American illustrator

Franz August Rudolph de Santis Dobiáš (May 11, 1900 – January 10, 1976), known as Frank Dobias, was an Austrian-born American illustrator of children's books. Among many other works, his illustrations for the Japanese version of Little Black Sambo made the book a bestseller in Japan, selling well over a million copies between 1953 and 1988.

==Biography ==
Dobias was born in Gloggnitz, Austria-Hungary, the son of Franz Dobiáš Sr. from Bohemia and Anna Maria Katharina Fondi, of Italian noble descent. His father and uncle were landscape painters. His maternal grandfather and uncle, both named August Fondi, were architects. He grew up in Vienna, where he attended the Kunstgewerbeschule and Kunst Akademie in Vienna. Frank Dobias studied under Franz Cižek and Alfred Roller.

He emigrated to the United States in 1923 and settled in Pennsylvania, where he started his professional career as illustrator mostly for Macmillan Publishers books. The illustrations used in the Japanese best-seller were originally drawn for Little Black Sambo published from Macmillan in 1927.

The Macmillan 1927 version was revived from Komichi Shobo Publishing, a Japanese publisher in Tokyo, in 2008.

==Selected works==
- Bannerman, Helen.
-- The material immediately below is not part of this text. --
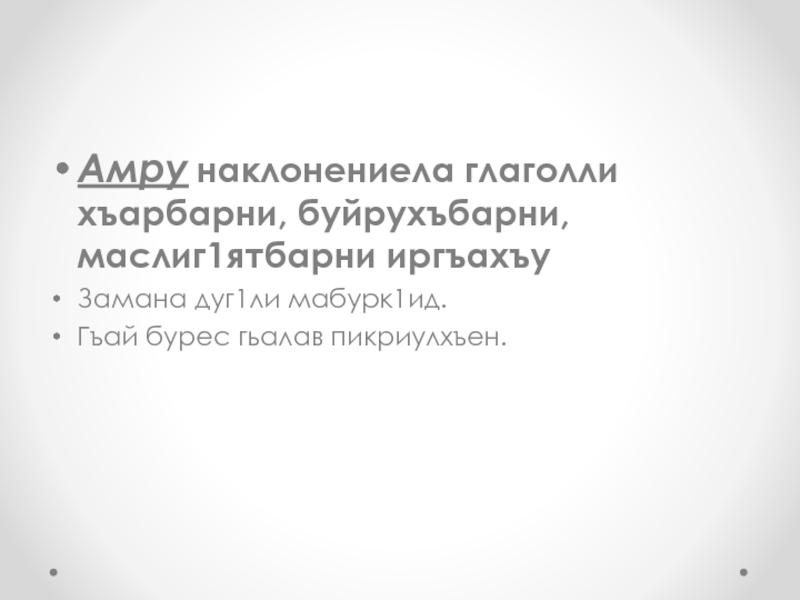 1Амру наклонениела глаголли хъарбарни, буйрухъбарни, маслиг1ятбарни иргъахъуЗамана дуг1ли мабурк1ид.Гъай бурес гьалав пикриулхъен.

Little Black Sambo. The Happy Hour Books. Macmillan Publishers, 1927.
- Siebe, Josephine. Kasperle’s Adventures. Translated by Florence Geiser. Macmillan Publishers, 1929.
- Morris, William. Sons of the Volsungs. Adapted by Dorothy Hosford from Sigurd the Volsung by William Morris. Macmillan Publishers, 1932.
- Junior Bible. Macmillan Publishers, 1936.
- Cook, Canfield. Sky Attack. New York: Grosset & Dunlap, 1942.
- Kelsey, Alice (Geer). Once the Hodja. Longman’s 1943.
- Bannerman, Helen. Chibikuro Sambo. Komichi Shobo Publishing, 2008. (A Japanese translation of Macmillan's 1927 version.)